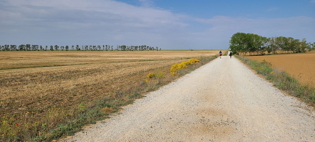 숙소에서 첫 번째 만나는 칼사디야 데 라 쿠에사Calzadilla de la Cueza 마을까지 무려 17.2km! 프랑스 루트에서 마을 간 거리가 가장 멀다. 오늘 걸을 구간의 2/3에 해당한다. 가는 중에 잠시 쉬거나 보급할 곳이 마땅치 않다. 출발 후 7km 떨어진 곳에서 영업하는 푸드 트럭이 기력을 보충할 유일한 휴식처다. 4,5km마다 지나치던 마을이 부재하여 평지임에도 꽤 부담스럽다. 오죽하면 이틀 전에 체력 좋은 김 선배조차 힘들었다 일렀을까! 직사광선을 면할 변변한 그늘이 없어도 그만이라는 각오를 다졌다. 길 옆에 다리 주무를 벤치가 있기만 바랐다. 맨바닥에 퍼질러 앉지 않으면 족하다 여기면서.
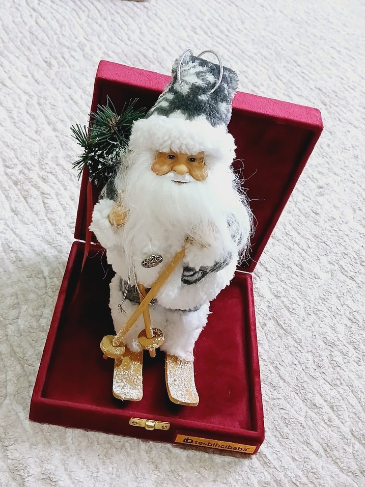 Koyu şapkalı ve kayaklı beyaz Noel Baba biblosu, kayak sopalarıyla birlikte kırmızı kadife kutuda sunuluyor .tertemiz 25 cm
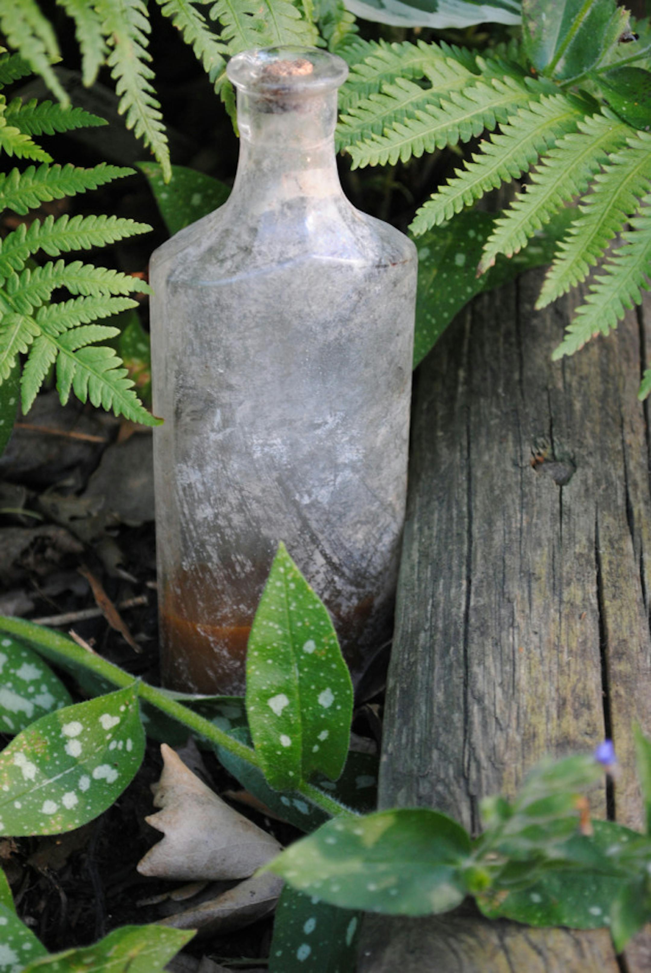Considering how little care I was taking with the roots of the expansionist ferns, I'm lucky I didn't break the bottle. It contains a bit of murky looking liquid that probably seeped by the cork, so it's not exactly mantel-display ready, but it was still kind of cool to turn up something that relates to someone else's roots while digging out fern roots.
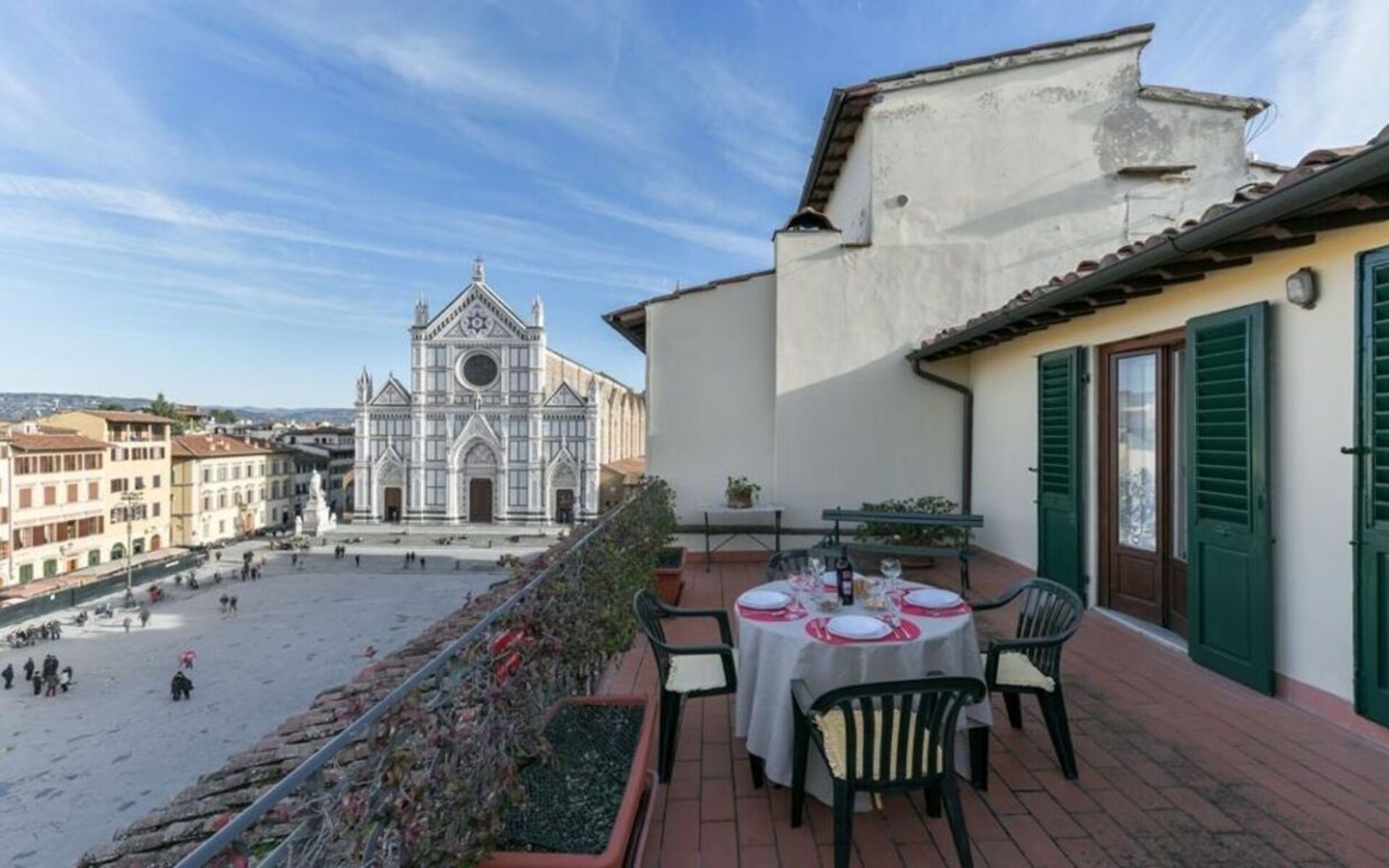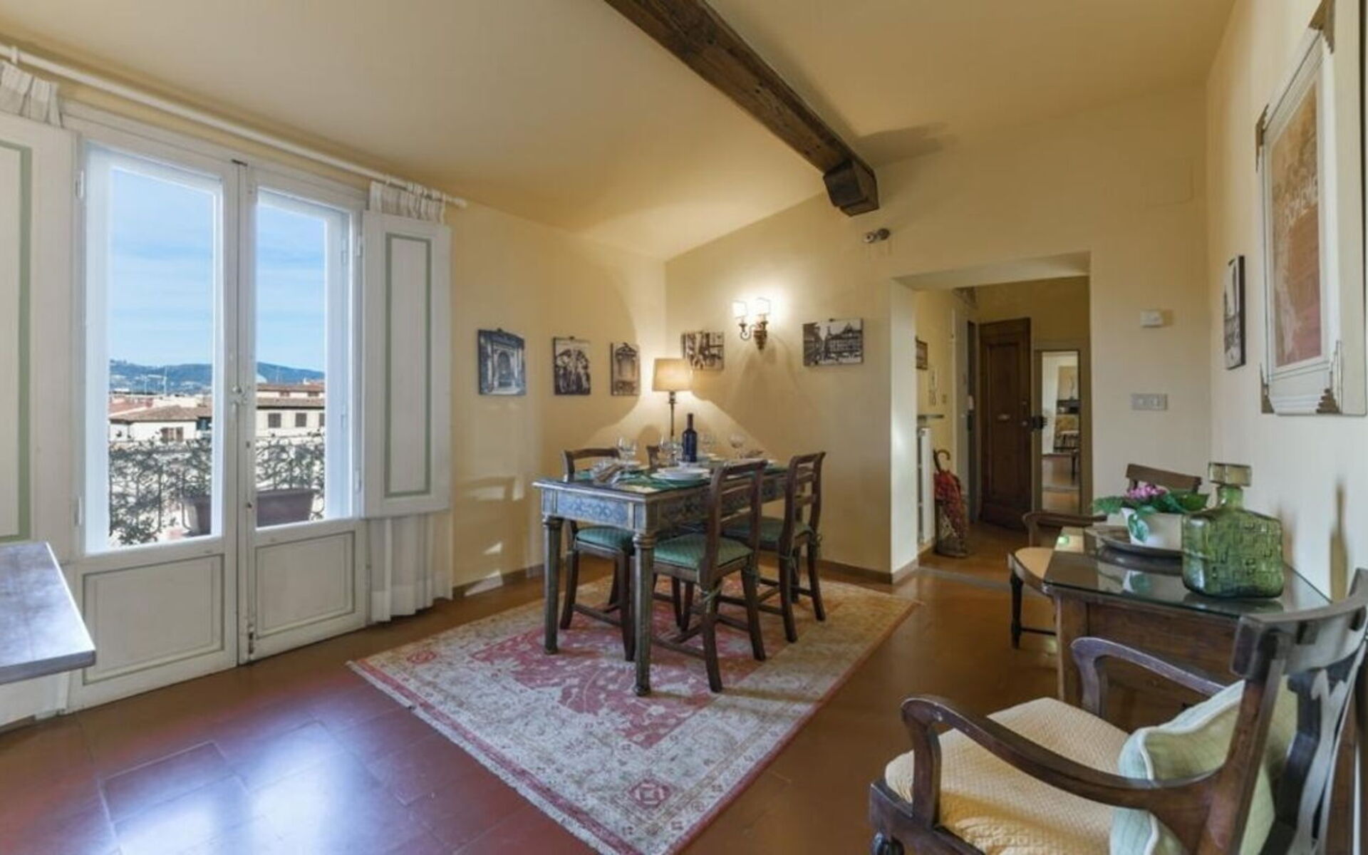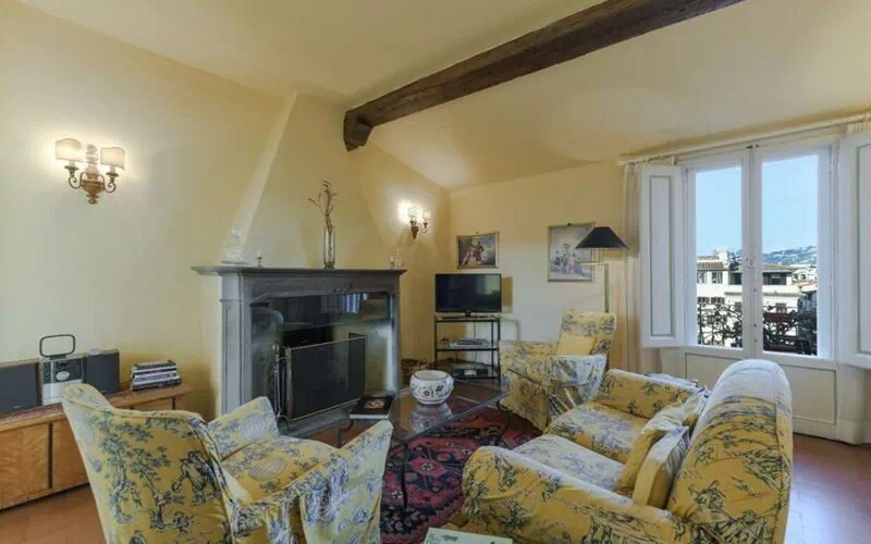 The living room has direct access to a spacious terrace furnished with outdoor table and chairs which offers a stunning view over the Square.

• Assignment:
Would you repeat the complete listing exactly, excluding each picture it holds?

• Exercise result:
 숙소에서 첫 번째 만나는 칼사디야 데 라 쿠에사Calzadilla de la Cueza 마을까지 무려 17.2km! 프랑스 루트에서 마을 간 거리가 가장 멀다. 오늘 걸을 구간의 2/3에 해당한다. 가는 중에 잠시 쉬거나 보급할 곳이 마땅치 않다. 출발 후 7km 떨어진 곳에서 영업하는 푸드 트럭이 기력을 보충할 유일한 휴식처다. 4,5km마다 지나치던 마을이 부재하여 평지임에도 꽤 부담스럽다. 오죽하면 이틀 전에 체력 좋은 김 선배조차 힘들었다 일렀을까! 직사광선을 면할 변변한 그늘이 없어도 그만이라는 각오를 다졌다. 길 옆에 다리 주무를 벤치가 있기만 바랐다. 맨바닥에 퍼질러 앉지 않으면 족하다 여기면서.
 Koyu şapkalı ve kayaklı beyaz Noel Baba biblosu, kayak sopalarıyla birlikte kırmızı kadife kutuda sunuluyor .tertemiz 25 cm
Considering how little care I was taking with the roots of the expansionist ferns, I'm lucky I didn't break the bottle. It contains a bit of murky looking liquid that probably seeped by the cork, so it's not exactly mantel-display ready, but it was still kind of cool to turn up something that relates to someone else's roots while digging out fern roots.
 The living room has direct access to a spacious terrace furnished with outdoor table and chairs which offers a stunning view over the Square.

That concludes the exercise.